> **Work instructions**: With the pictures excluded, reproduce all of the data exactly.

> **Recorded information**:
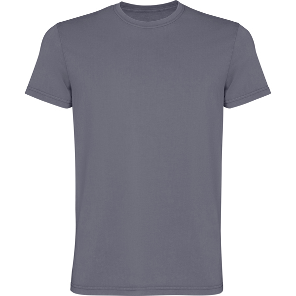 Camiseta man de manga corta en algodón peinado efecto lavado. Cuello redondo en canalé 1×1. Cubrecosturas en cuello del mismo tejido. Costuras dobles en laterales y sisas. 100% algodón, 180 g/m².
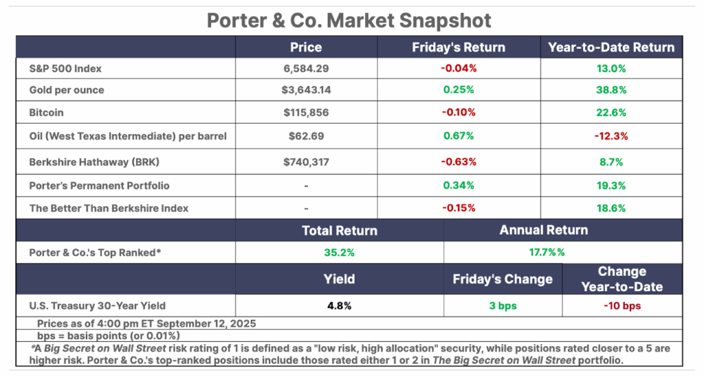 This is Porter’s Daily Journal, a free e-letter from Porter & Co. that provides unfiltered insights on markets, the economy, and life to help readers become better investors. It includes weekday editions and two weekend editions… and is free to all subscribers.
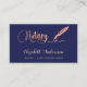 Eine elegante Visitenkarte auf marinebasischem Hintergrund und ein signierender Stift mit goldener Rose. Elegantes handgeschriebenes Stilskript. Personalisieren Sie Ihren Namen, Titel, Kontaktdaten und Ihren eigenen QR-Code und fügen Sie ihn Ihrer Website-Adresse hinzu.

> **Problem solution**:
 Camiseta man de manga corta en algodón peinado efecto lavado. Cuello redondo en canalé 1×1. Cubrecosturas en cuello del mismo tejido. Costuras dobles en laterales y sisas. 100% algodón, 180 g/m².
 This is Porter’s Daily Journal, a free e-letter from Porter & Co. that provides unfiltered insights on markets, the economy, and life to help readers become better investors. It includes weekday editions and two weekend editions… and is free to all subscribers.
 Eine elegante Visitenkarte auf marinebasischem Hintergrund und ein signierender Stift mit goldener Rose. Elegantes handgeschriebenes Stilskript. Personalisieren Sie Ihren Namen, Titel, Kontaktdaten und Ihren eigenen QR-Code und fügen Sie ihn Ihrer Website-Adresse hinzu.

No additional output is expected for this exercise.